On September 26, 2011, FDA informed the public that it has not yet reached a conclusion, but remains concerned, about the potential increased risk of blood clots with the use of drospirenone-containing birth control pills. FDA has completed its review of the two 2011 studies that looked at the risk of blood clots for women who use drospirenone-containing birth control pills, previously mentioned in FDA's Drug Safety Communication issued on May 31, 2011 .1,2 FDA is continuing its review of a separate FDA-funded study that evaluated the risk of blood clots in users of several different hormonal birth control products (contraceptives). Preliminary results of the FDA-funded study suggest an approximately 1.5-fold increase in the risk of blood clots for women who use drospirenone-containing birth control pills compared to users of other hormonal contraceptives.

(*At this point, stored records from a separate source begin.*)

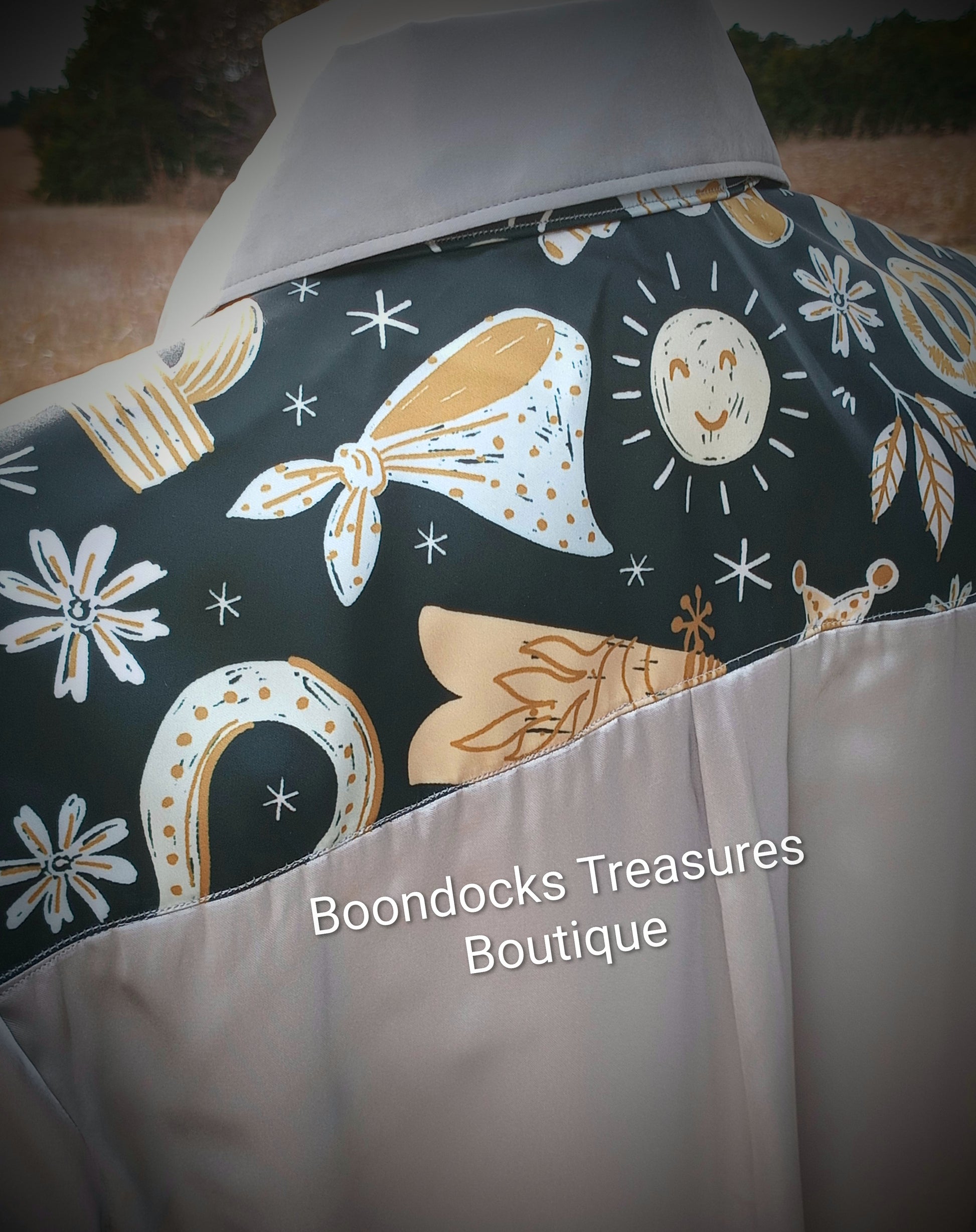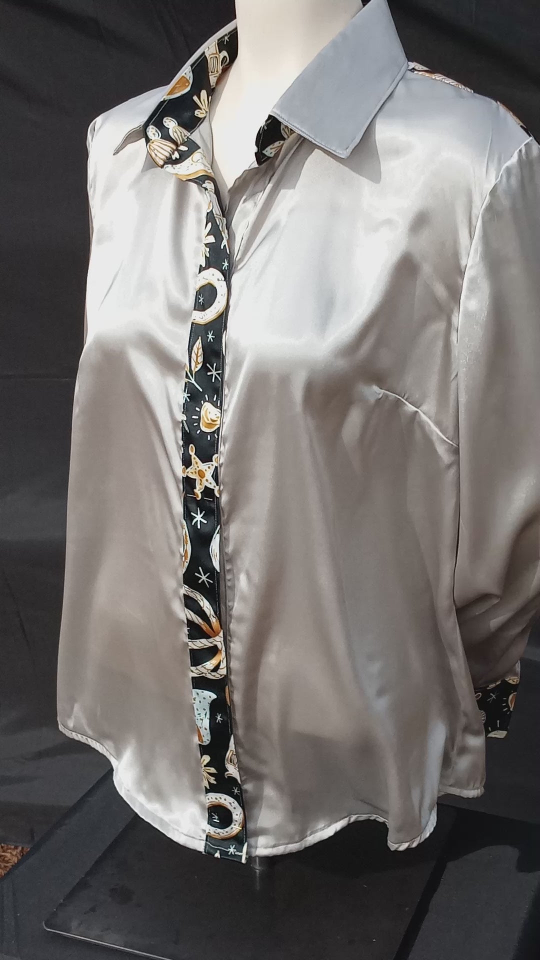 PLATNIUM-SILVER satin shirt w/ "COWBOY DOODLES" print ACCENTS- Women's and Teen's Handmade Button up Shirts Pearl Snap Shirts Western Shirts Rodeo Shirts Show Shirts
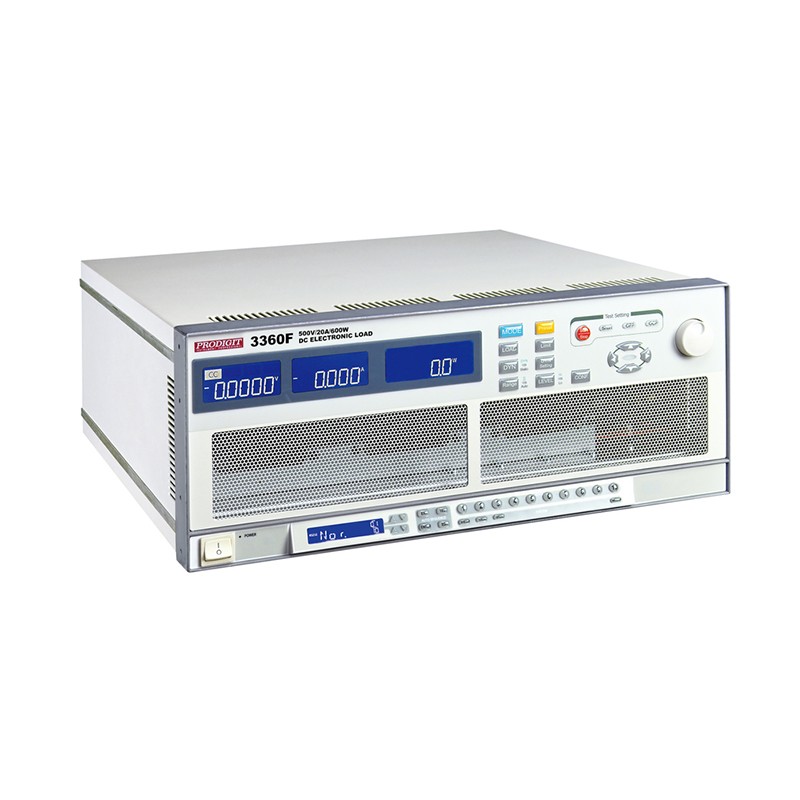 3360F系列具有独立的控制及显示面板、定电流/定电阻/定电压/定功率/动态模式,配合面板上的150组 储存/呼叫 记忆,能有效地控制所有负载的设定,更可透过RS232、Ethernet、USB和GPIB等介面进行远端控制。 具备短路测试功能及设定短路时间,并可量测短路电压及电流。 在定电流及定功率模式下,可做动态负载之模拟,其电流上升、下降斜率均为独立可调,另具有一外部输入任意波形之动态负载功能 具有OCP 、OPP单键测试功能,使得OCP、OPP之测试更有效率及准确。 可设定的吃载/停止吃载(LOAD ON/OFF)电压点及良/不良(GO/NG)的比较判断功能、电压极性显示可正可负及150组 储存/呼叫 记忆,使得负载更适用于各种不同的应用。 多达150组测试参数及状态的储存功能,让其可根据自动测试(auto sequence)需求,随时将储存记忆调出来任意使用。 因其耐压高达500V,故而非常适用于功率因数调整器(PFC)的测试应用。 针对电池BMS保护板提供Short、OCCP及OCDP之保护功能测试(选购)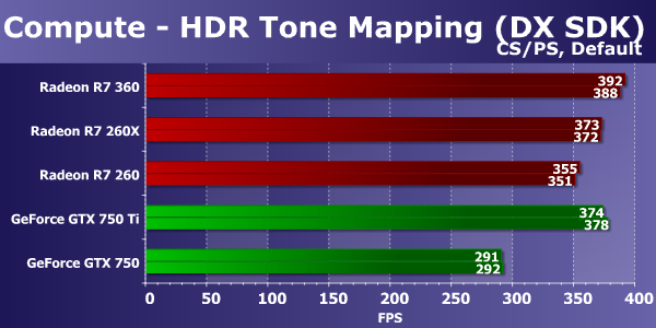 Сравнение Radeon R7 360 с платами GeForce в этом тесте также приносит не совсем ожидаемые выводы. Обновление архитектуры Nvidia с Kepler до Maxwell (пусть и первого поколения в случае графического процессора GM107) привело к тому, что новые чипы калифорнийской компании в таких тестах приблизились к конкурирующим решениям AMD или даже обогнали их. В этом сравнении, модели производства компании Nvidia показали высокую скорость, и хотя прямой конкурент в виде модели GeForce GTX 750 уступил новинке AMD, но это отставание совсем небольшое. Да и по сравнению R7 260X и GTX 750 Ti видно, что времена, когда решения AMD были в разы сильнее в таких тестах, уже прошли.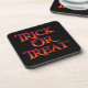 Letras cor de laranja vibrantes tradicionais saudando "Trick or Tratat" no Halloween.
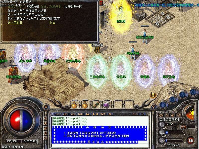 逍遥连击2010年巨献—2.0316逍遥连击-神虎双连击版-虎威虎啸双连击,加入沙巴克行会押镖系统,四级技能,必杀斗笠,必杀面巾,强化神兽 盛大副将 地图,装备采用全新盛大装备,高额元宝升级奖励, 不断刺激玩家练级激情,此版本是骨灰级玩家首选..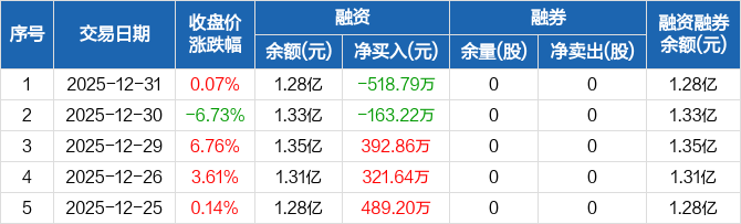 明冠新材:融资净偿还518.79万元,融资余额1.28亿元(12-31)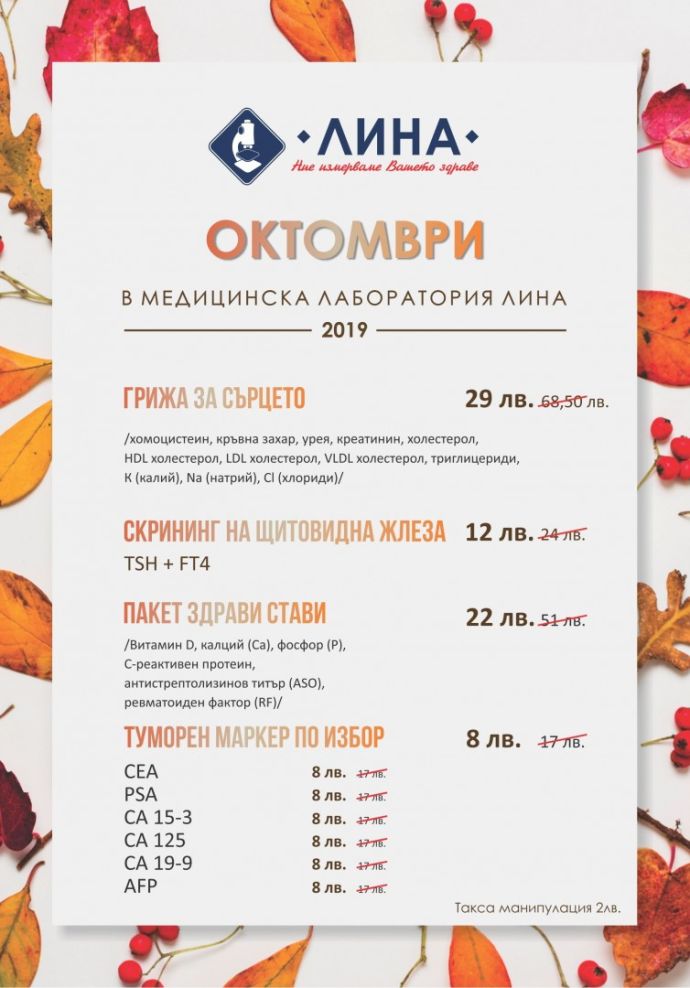 Четирите профилактични кампании на медицинска лаборатория „ЛИНА”: грижа за сърцето, скрининг на щитовидна жлеза, туморен маркер по избор и пакет здрави стави продължават до края на месец октомври. Пациентите могат да изберат една или да комбинират няколко, като предварително записване или направление от лекар не се изискват. Кампаниите важат в самостоятелните филиали на лабораторията в областите Бургас, Варна и Ямбол. Таксата манипулация е 2лв.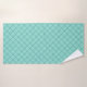 Toalla Verde azulada. Fondo azul intenso de grandes cuadrados de diamantes impresos en la toalla. El kit de baño, de mano y de lavabo está disponible.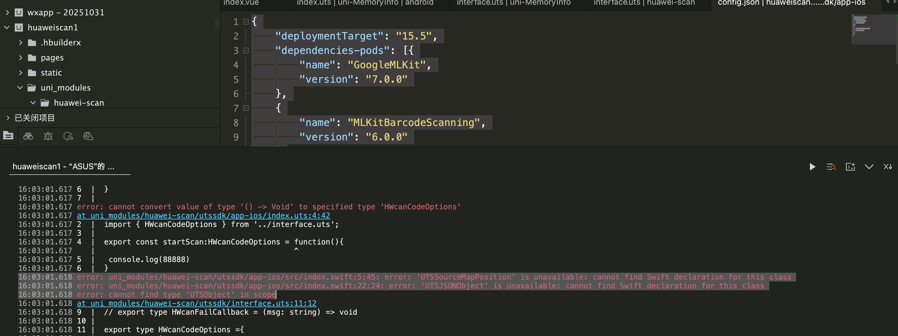 该错误通常由Swift库版本不兼容引起。根据知识库,uni-app x的uni-barcode-scanning模块(4.71+)明确依赖pod 'GoogleMLKit/BarcodeScanning', '~> 6.0.0',但您配置了GoogleMLKit 7.0.0(主版本升级可能导致API变更)。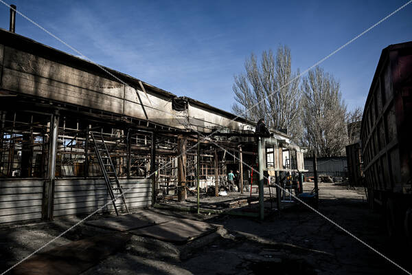 A workshop of the Palianytsia Volunteer Centre is destroyed by a nighttime strike of a Russian Shahed drone on March 8, Zaporizhzhia, Ukraine
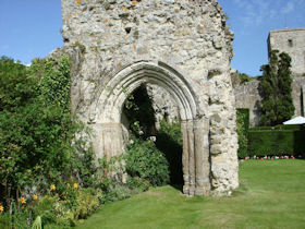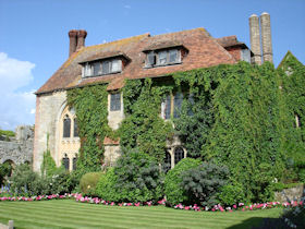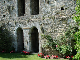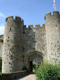 In the centre of the north wall is a small rectangular projection, which was used for garderobes, and to the east of this a large rectangular projection which was the kitchen. In the centre of the south wall are 2 semi-circular towers 58 ft high flanking the gateway with castellated parapets over them. The gateway comprises a four-centred carriage arch with chamfered jambs and a portcullis groove. On the inner side buttresses flank the arch. Above is a room with a castellated parapet over it. Outside the south gate and walls of the Castle is a dry moat which never had a draw-bridge. The south walls have no ws. except loop ws. in the towers flanking the gate. In the north wall are cross-shaped loop ws. and 2 pointed ws. of 2 trefoil-headed lights each; also doorways, fireplaces and in some places remains of the crenellation with a parapet walk behind it. To the south of the projecting kitchen are remains of William Rede's Great Ball with 4 pointed archways. In the north-west corner are the remains of the angle tower of 3 s. The occupied parts of the Castle have been much adapted by Bishop Sherburn in the C16 and at various dates since including the present century. They are partly of stone and partly of timber-framing with some of the surface plastered. Tiled roof. Casement ws. To the east of the gateway is a range of 2 s. and 3 ws. with 2 gables, which is a cottage, and beyond this a modern portion on the possible site of the Chapel. The exterior of the main portion of the house which projects to the north-west from the south-east corner has been modernised in 1927 and has this date on the rwh. The interior of the room known as the Queen's Room contains paintings of Cassandra and Tomyris and other figures, dating from Bishop Sherburn's time, which have been attributed to Lambert Bernardi or Theodore Bernardi of Amsterdam, who came to England in 1519 and is also said to have executed 2 large paintings for Chichester Cathedral. The main staircase dates from the mid C17. The uninhabited portions are scheduled as an Ancient Monument. The last Bishop of Chichester to occupy the building was Bishop Sherburn (1508-1536) who also carried out a good many alterations and adaptations. After Bishop Sherburn's time the Castle was let. In 1643 it was dismantled by General Waller on account of the Royalist sympathies of the then tenant. (Listed Building Report)

FDA has scheduled a joint meeting of the Reproductive Health Drugs Advisory Committee and the Drug Safety and Risk Management Advisory Committee on December 8, 2011 to discuss the risks and benefits and specifically the risk of blood clots of drospirenone-containing birth control pills.  

The following questions and answers provide an overview of this potential safety issue. 

Q1. What is drospirenone?

Q2. Which birth control pills (oral contraceptives) contain drospirenone? 

Q3. What is a venous thromboembolic event (VTE)?

Q4. What is already known about combination birth control pills and the risk of venous thromboembolism (VTE)?

Q5. How is FDA responding to new studies regarding the risk of venous thromboembolism (VTE) in women using birth control pills containing drospirenone?

Q6: What should healthcare professionals do when considering the use of birth control pills containing drospirenone?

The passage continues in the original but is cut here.